(Stored items)
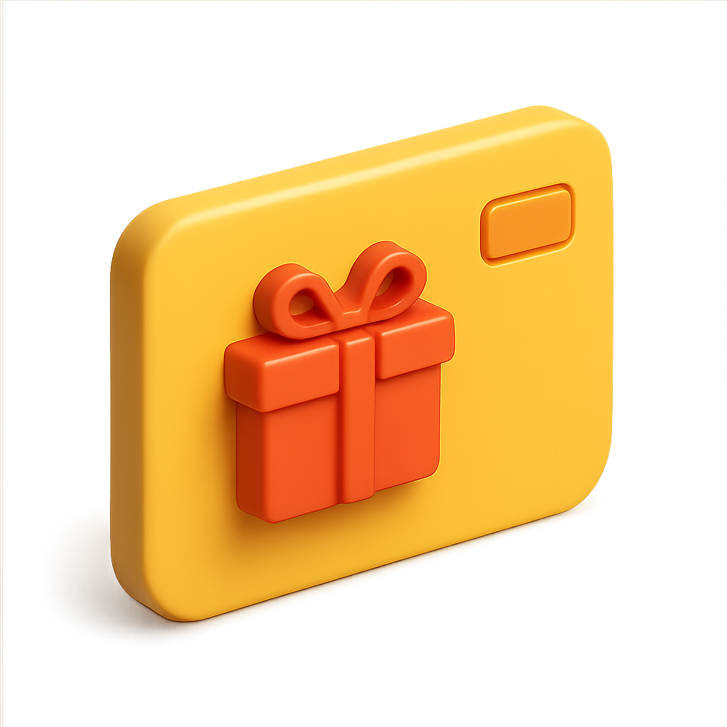 A colorful 3D gift card icon featuring a yellow background and a prominent red gift box with a bow. The design showcases a three-quarter view for a modern, isometric feel.
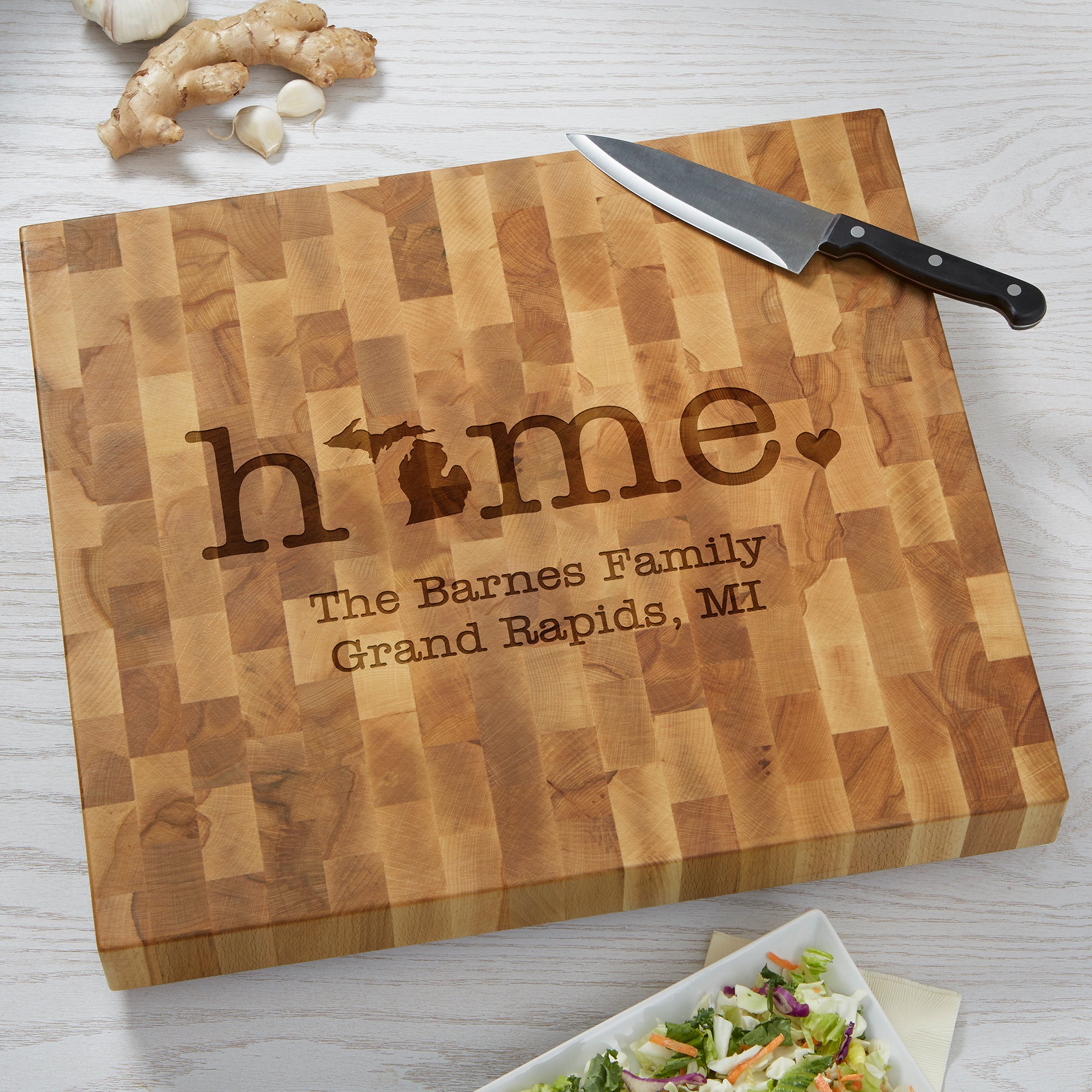 The Home State Personalized Butcher Block Cutting Board is a practical and decorative piece for any kitchen.
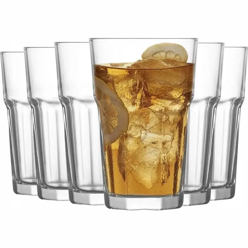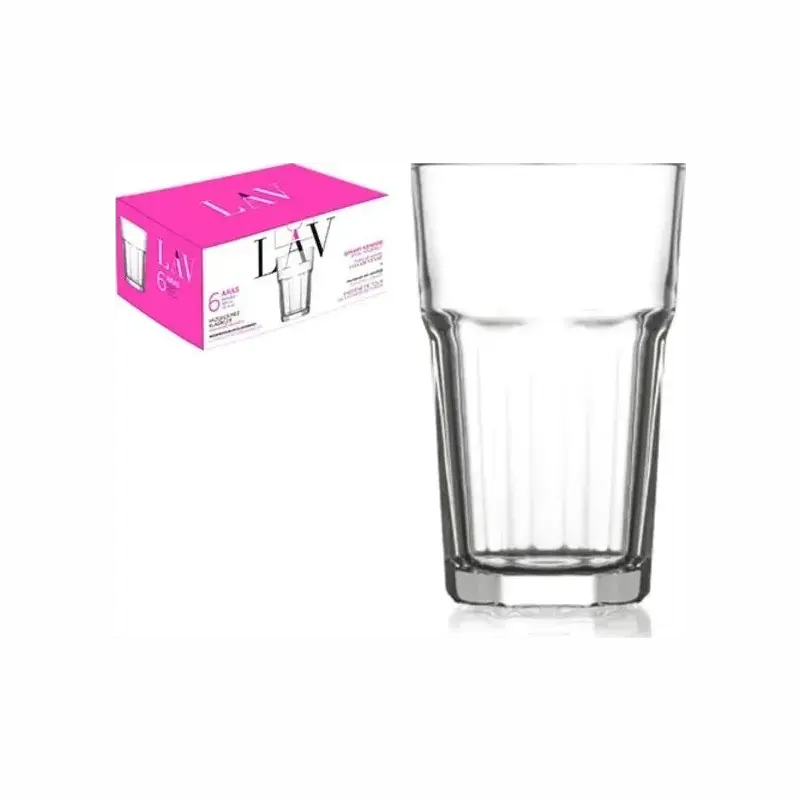 Sklenice LAV Aras 365 ml v sadě 6 ks jsou ideální pro long drinky, džusy i limonády. Odolné tvrzené sklo a elegantní design se hodí pro domácnost i gastro provozy.
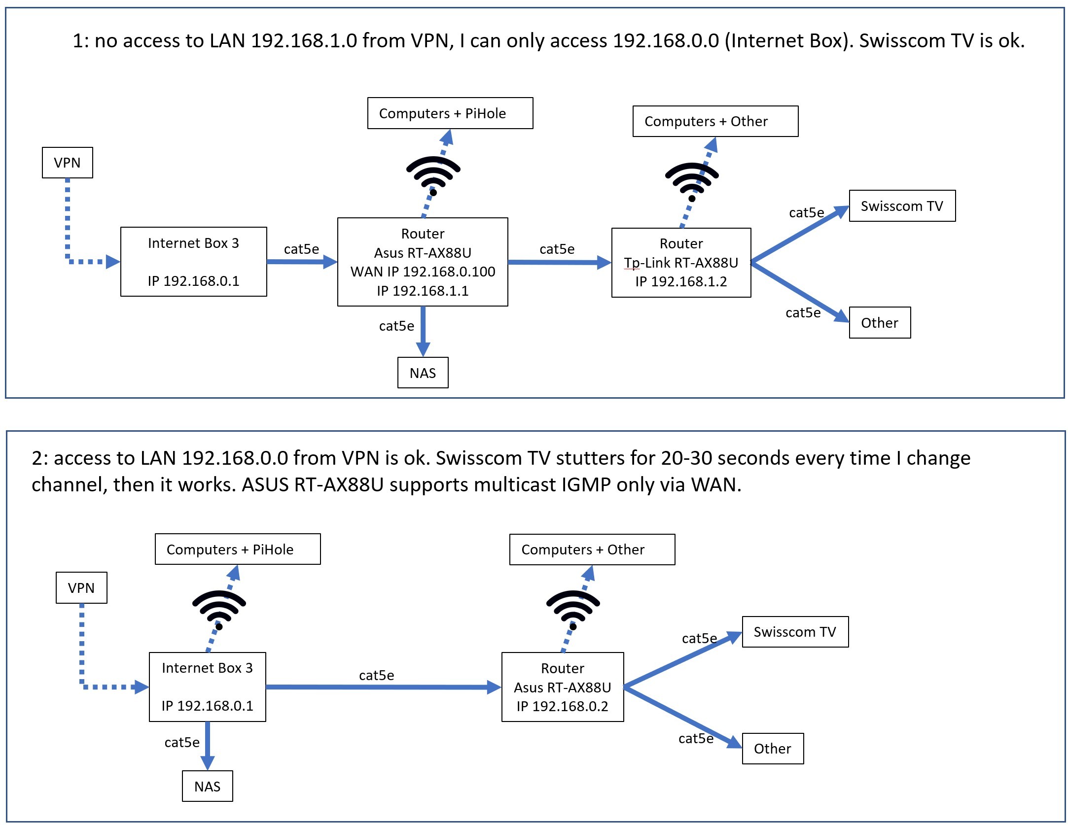 L'alternativa è la configurazione 2, dove posso accedere a tutta la rete tramite VPN, ma in questa configurazione ho un problema con la Swisscom TV: lo streaming si blocca per 20-30 secondi ogni volta che cambio canale. Forse è perché il mio router Asus non supporta il multicast IGMP su LAN (funziona solo se connesso su WAN)? Preferirei questa configurazione perché voglio utilizzare l'app di Swisscom per il parental control e anche accedere al mio NAS e Pi-hole da remoto.
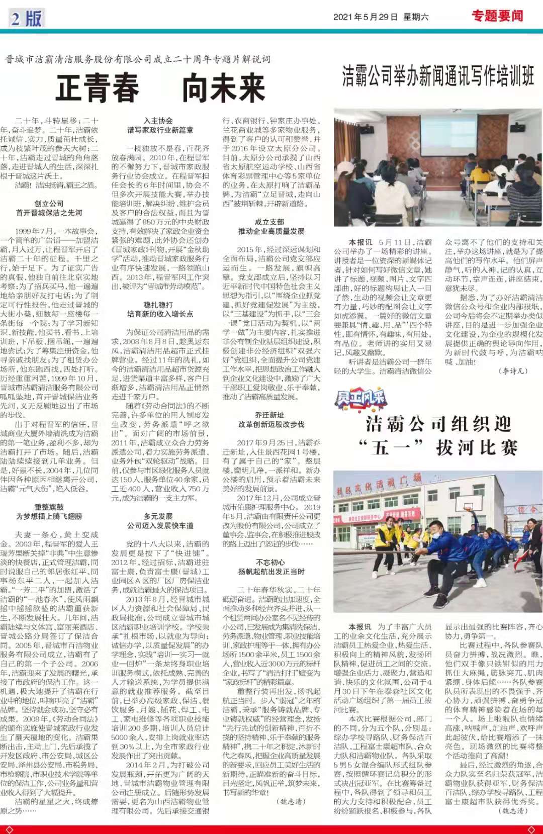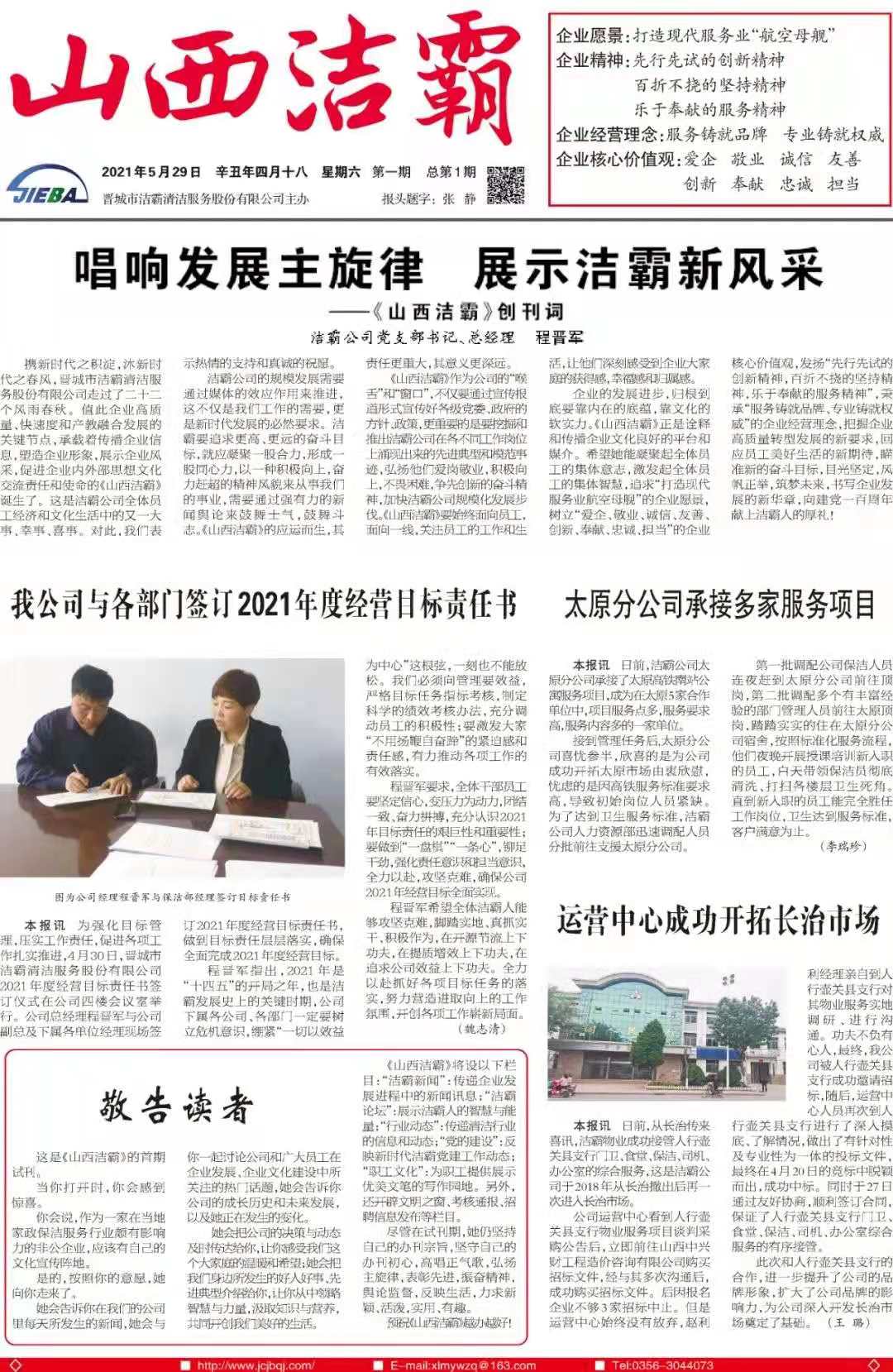 今天是2021年5月29日,經過一個多月的緊張籌辦,《山西潔霸》報紙終于創(chuàng)刊啦!這是潔霸人的一件大喜事,也是潔霸人的驕傲!伴隨著《山西潔霸》紙質版的內部發(fā)行,電子版也同步與你見面了。希望你能通過這個宣傳窗口,更好地走近潔霸,了解潔霸,關注潔霸,支持潔霸。
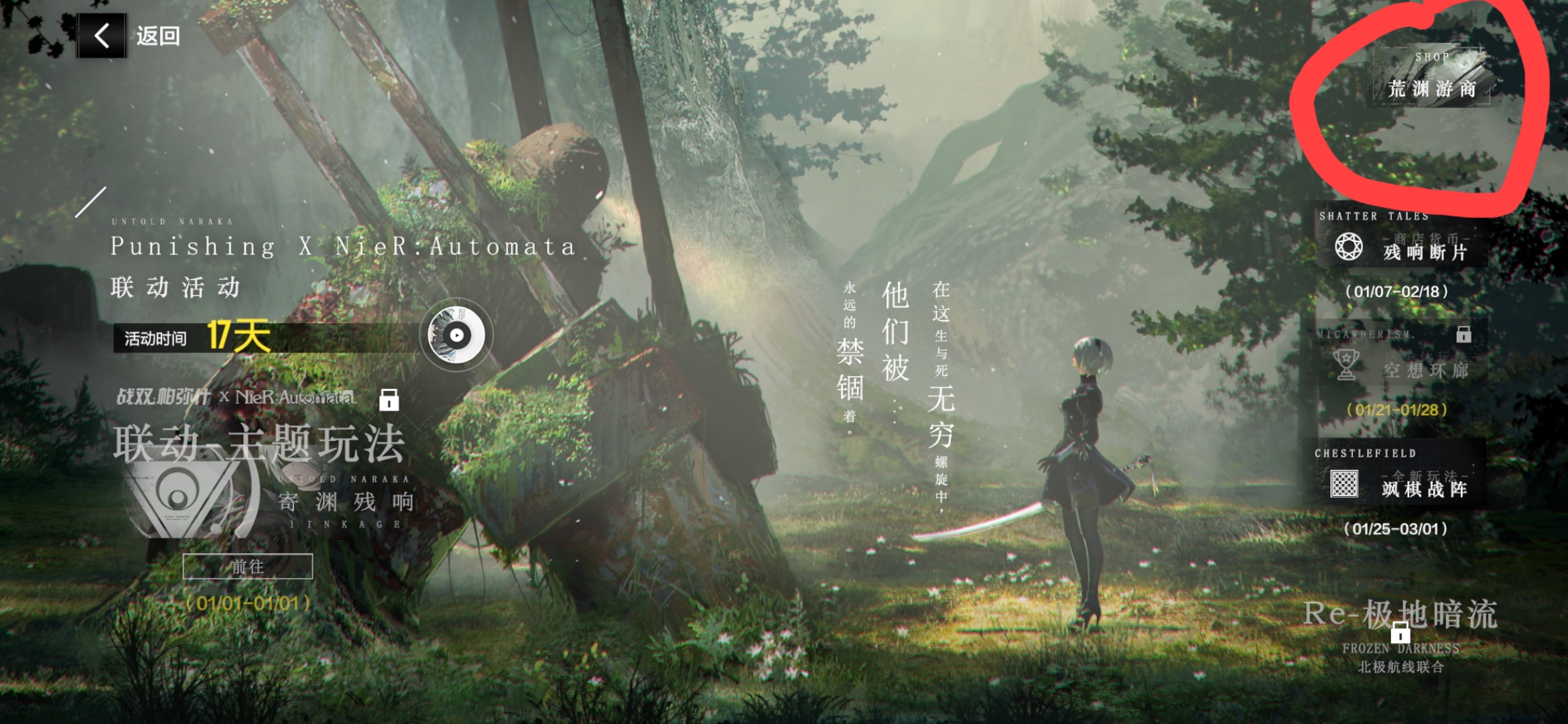 然后在里面点击右上角的荒渊游商,点击进入,就可以看见商店了。

> _Problem to work on_: The answer must be an exact copy of the records, with no images in it.

> _Response box_:
 A colorful 3D gift card icon featuring a yellow background and a prominent red gift box with a bow. The design showcases a three-quarter view for a modern, isometric feel.
 The Home State Personalized Butcher Block Cutting Board is a practical and decorative piece for any kitchen.
 Sklenice LAV Aras 365 ml v sadě 6 ks jsou ideální pro long drinky, džusy i limonády. Odolné tvrzené sklo a elegantní design se hodí pro domácnost i gastro provozy.
 L'alternativa è la configurazione 2, dove posso accedere a tutta la rete tramite VPN, ma in questa configurazione ho un problema con la Swisscom TV: lo streaming si blocca per 20-30 secondi ogni volta che cambio canale. Forse è perché il mio router Asus non supporta il multicast IGMP su LAN (funziona solo se connesso su WAN)? Preferirei questa configurazione perché voglio utilizzare l'app di Swisscom per il parental control e anche accedere al mio NAS e Pi-hole da remoto.
 今天是2021年5月29日,經過一個多月的緊張籌辦,《山西潔霸》報紙終于創(chuàng)刊啦!這是潔霸人的一件大喜事,也是潔霸人的驕傲!伴隨著《山西潔霸》紙質版的內部發(fā)行,電子版也同步與你見面了。希望你能通過這個宣傳窗口,更好地走近潔霸,了解潔霸,關注潔霸,支持潔霸。
 然后在里面点击右上角的荒渊游商,点击进入,就可以看见商店了。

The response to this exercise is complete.